Vitality

Pregnant Women Whose Blood Pressure Rises During Pregnancy 6.5 Times More Likely To Devolop Metabolic Syndrome

Pregnancy is a time of excitement, hope, and anxiety. However, it can also be a particularly scary journey for moms-to-be who have elevated blood pressure, or prehypertension — a condition in which blood pressure numbers are higher than normal but not high enough to be considered full-on hypertension. As it turns out, pregnant women with prehypertension have increased cardiovascular risk and are more likely to develop metabolic syndrome after giving birth, according to new research published in Hypertension.

Hypertension, also known as high blood pressure, is often referred to as “the silent killer” because it typically comes without signs or symptoms. Yet, it is one of the leading causes of premature death worldwide. Unfortunately, nearly 1 of 3 American adults experience persistent blood pressure elevations in the upper ranges of normal, and therefore risk developing the condition.

Current blood pressure guidelines do not distinguish between pregnant women and the general population, so hypertension is defined as having blood pressure that is 140/90 mm/Hg or above — the top number being systolic blood pressure and the bottom being diastolic. People with a systolic blood pressure (pressure in the arteries when the heart beats) of 120 to 139 mm/Hg and a diastolic pressure (pressure between heart beats, when the heart rests) of 80 to 89 mm/Hg are diagnosed with prehypertension. For reference, normal blood pressure should be less than 120/80 mm/Hg for adults aged 20 and older, Medical Daily previously reported.

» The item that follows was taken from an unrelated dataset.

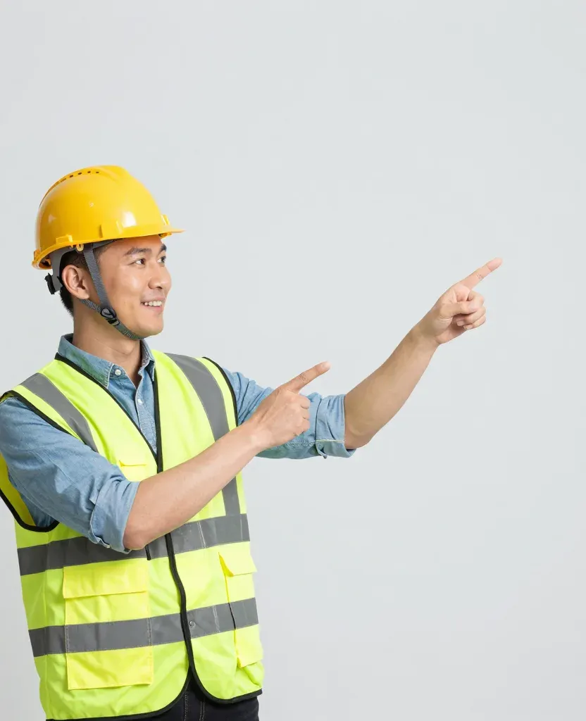 A construction worker in a yellow hardhat and high-visibility vest points to the right, with soft, even lighting highlighting the glossy hardhat and reflective vest. The plain, light gray background ensures the subject remains the focal point.

Pregnant woman Prehypertension in pregnancy has been linked to increased health risks after giving birth, a study finds. Daniel Berehulak/Getty Images

Researchers found that prehypertensive pregnant women are 6.5 times more likely than those with normal blood pressure to develop metabolic syndrome — a group of conditions, such as high blood pressure, high blood sugar, and abnormal cholesterol levels, which increase risk of heart disease, stroke, and diabetes after giving birth.

"Our findings underscore an important issue that has been long ignored in clinical practice — the fact that criteria for hypertension in pregnancy are derived from the general population," lead investigator Dr. Jian-Min Niu said in a statement."We anticipate that if reaffirmed in further research, our study could spark a change in what we currently deem healthy blood pressure in pregnant women."

For the study, Niu and her colleagues looked at data collected from 507 Chinese women with uncomplicated pregnancies, no history of hypertension ,and normal blood sugar and cholesterol. The women underwent seven or more blood pressure measurements during their pregnancies, along with other tests typically used to monitor pregnancy, including weight measurements and fetal ultrasounds. They continued taking tests once every few months for a year-and-a-half after giving birth.

The study participants were grouped into three categories based on their blood pressure levels: those whose blood pressure remained on the lower end of normal throughout pregnancy (34 percent), those whose blood pressure hovered around midpoint-normal (52 percent), and those whose readings trended in the higher end of normal or prehypertensive (13 percent). In the statement, researchers said that a series of measurements during a woman’s lifetime did not predict risk of metabolic syndrome, but that patterns of repeated elevations over the course of a pregnancy did.

"Blood pressure measurements are already done as a matter of routine and cost-effective checkups during pregnancy, so our findings underscore this tool's potential to gauge a woman's post-partum cardiovascular risk," Niu said. "Early identification of metabolic risk factors and implementation of lifestyle modifications may help delay the onset of cardiovascular disease that would present itself 20 to 30 years after delivery."

In other words, pregnancy can be seen as a cardiovascular stress test for women in the sense that it can “reveal underlying disturbances in blood pressure regulation, glucose, and cholesterol metabolism,” researchers wrote in a news release.  If these three areas are plagued by abnormalities, then they are likely to have disrupted cardiovascular functions, which can eventually lead to cardiovascular disease.

Prehypertension doesn’t only put the mother at risk. Past research has found that pregnant women who experience higher blood pressure than normal or persistent blood pressure elevations in the upper ranges are more likely to give birth to an underweight or stillborn baby.